Colorado Springs Military Newspaper Group

Fort Carson Mountaineer

Soldier’s memorial returns home

4th Infantry Division Military Intelligence Sgt. Maj. Mari Sidwell presents the Sgt. Amanda Pinson memorial plaque to Pinson’s mother, Chris Andrews, and brother, Bryan Pinson, during a small ceremony held at Andrews’ house in St. Louis Dec. 7. Sidwell flew from Fort Carson to St. Louis to hand deliver the plaque to Pinson’s mother.

Story and photo by Staff Sgt.
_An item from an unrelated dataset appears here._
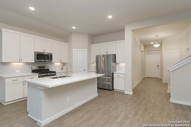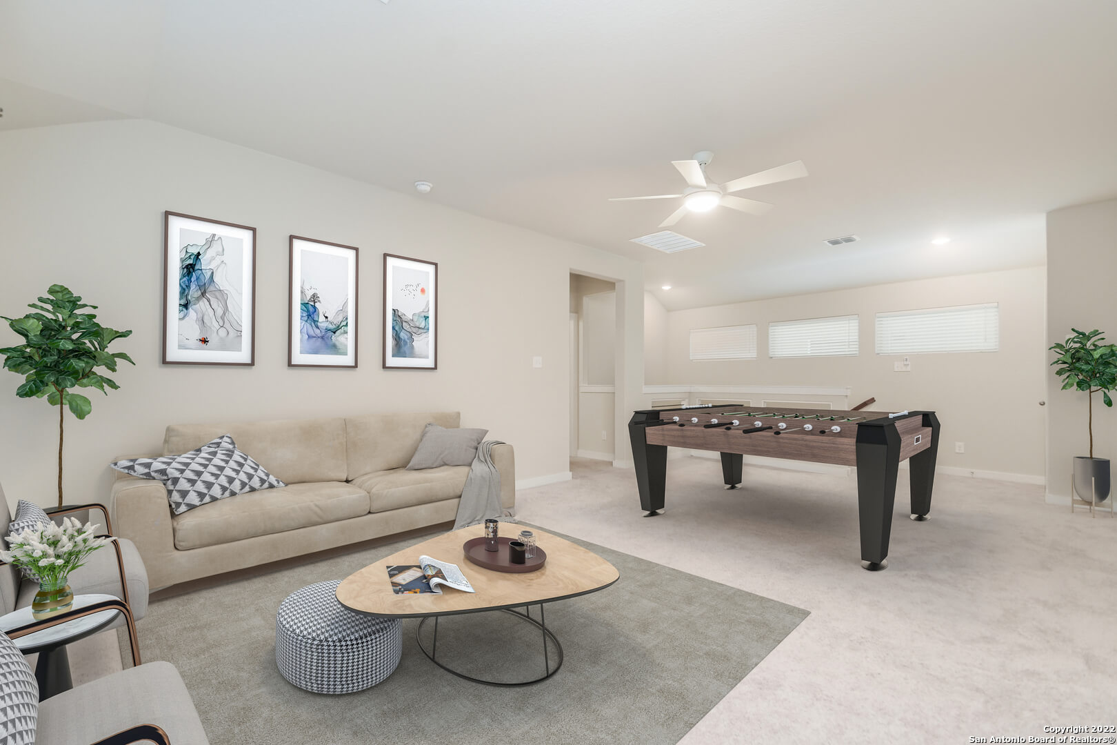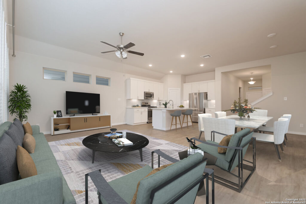This like-new 4-bedroom, 3-bath home in Northwest San Antonio near the Medical Center is a rare find in today’s low-inventory market. Purchased in 2021 and meticulously maintained, it offers exceptional value compared to both resale and new construction-making it a smart move for any buyer. The open-concept layout features an oversized kitchen with custom cabinetry, gas cooking, a large island, and breakfast bar flowing into bright dining and living areas. Comfort is enhanced by a gas furnace for efficient heating. The main-level owner’s suite boasts a spa-style bath with dual vanities, glass-door shower, and walk-in closet, while two additional bedrooms and a full bath complete the first floor. Upstairs, you’ll find a spacious game room and a private guest suite with full bath. The home sits on a generous lot within a thoughtfully designed community known for its wide streets, creating an open, inviting feel. With ceiling fans and curtain rods in every room, five data ports for easy connectivity, and a water softener included. The sellers are really motivated to sell therefore offering some builder-like incentives, i.e. closing cost concessions or assistance with a 2-1 rate buydown to help you lock in affordability while rates are dipping. This is truly an amazing opportunity!

Craig Cantrell

4th Infantry Division Public Affairs Office

ST. LOUIS — The 4th Infantry Division honored a long-standing military creed to never leave a fallen comrade behind when it returned the memorial plaque dedicated to Sgt. Amanda Pinson to her Family in St. Louis Dec. 7.

Pinson was killed by indirect fire at Contingency Operating Base Speicher, Iraq, March 16, 2006, while assigned to the 101st Military Intelligence Detachment as a signals intelligence analyst.

She was the first female signals intelligence analyst killed in combat. Subsequently, officials named the COB Speicher military intelligence building Pinson Hall, and affixed a plaque to memorialize her service and sacrifice.

The responsibility of caring for the plaque and honoring Pinson’s memory was handed down and charged to every incoming intelligence sergeant major, said 4th Inf. Div. Military Intelligence Sgt. Maj. Mari Sidwell.

The 4th Inf. Div. was the last unit to occupy the building before handing it and COB Speicher over to the Iraqis.

“When (Sidwell) said I’m going to bring (the plaque) to your house, I was like ‘you’ve got to be kidding me,’” said Chris Andrews, Pinson’s mother. “They’re going to come all the way down here to bring the plaque? I was shocked.”

“I’m just doing the right thing, bringing a Soldier home to her Family,” said Sidwell.

Sidwell arrived at the Andrews residence in St. Louis where Pinson’s relatives had gathered to witness the presentation. They all wore Sgt. Amanda Pinson memorial T-shirts.

“Sgt. Pinson’s mother asked for a low-key ceremony to continue the healing process,” said Sidwell.

Andrews and her son, Bryan Pinson, stood next to Sidwell in Andrews’ living room as she presented them with the plaque and read the memorial poster detailing Pinson’s life and career.

“When Amanda decided to join the military … the second she joined, I was right behind her,” said Andrews. “Totally 100 percent supportive.”

Pinson led a life of accomplishment and set herself apart from the crowd on several occasions.

She demonstrated talent at an early age when she won an award during the Greater St. Louis Science Fair. She later distinguished herself as a leader as a sophomore at Hancock High School when she created, designed and implemented the Hancock Environmental Leadership Program.

Pinson’s story continues after her death. The Amanda Pinson Memorial Scholarship goes to graduates of her high school. Heroes Way Interstate Interchange Program, a program that honors those who died while serving in Afghanistan or Iraq on or after 9/11, has erected a sign bearing Pinson’s name at the interchange of Interstate 55 and Bayless Avenue in St. Louis. “Angel in Fatigues,” a song written and performed by Field of Grey in her memory, details the life of a female Soldier.

There are plans to name a cryptology center Pinson Hall in recognition of her sacrifices.

“It’s huge that an intelligence Soldier gets recognized. Most cryptology centers are named after career intelligence Soldiers,” said Sidwell. “The fact that they’re going to name it in her honor is great.”

“It’s amazing that Amanda’s story keeps going on and on because she did sacrifice a lot and she did make a difference,” said Andrews. “She made a difference in my whole family’s life. We’re all different people because of her. The Family says all the time we want to be like Amanda.”

When asked how she felt about her daughter’s sacrifice, Andrews had mixed emotions.

“Her sacrifice has made me a totally different person than I was before,” she said. “We’re extremely proud of her and everything she accomplished, but you still have to go through life.

“Bringing the plaque and the poster home was closure for the Army, to make sure Amanda was home, but for me and my Family, it opened another very important chapter of how she was remembered by her Army Family and brought to life more memories for us to cherish.”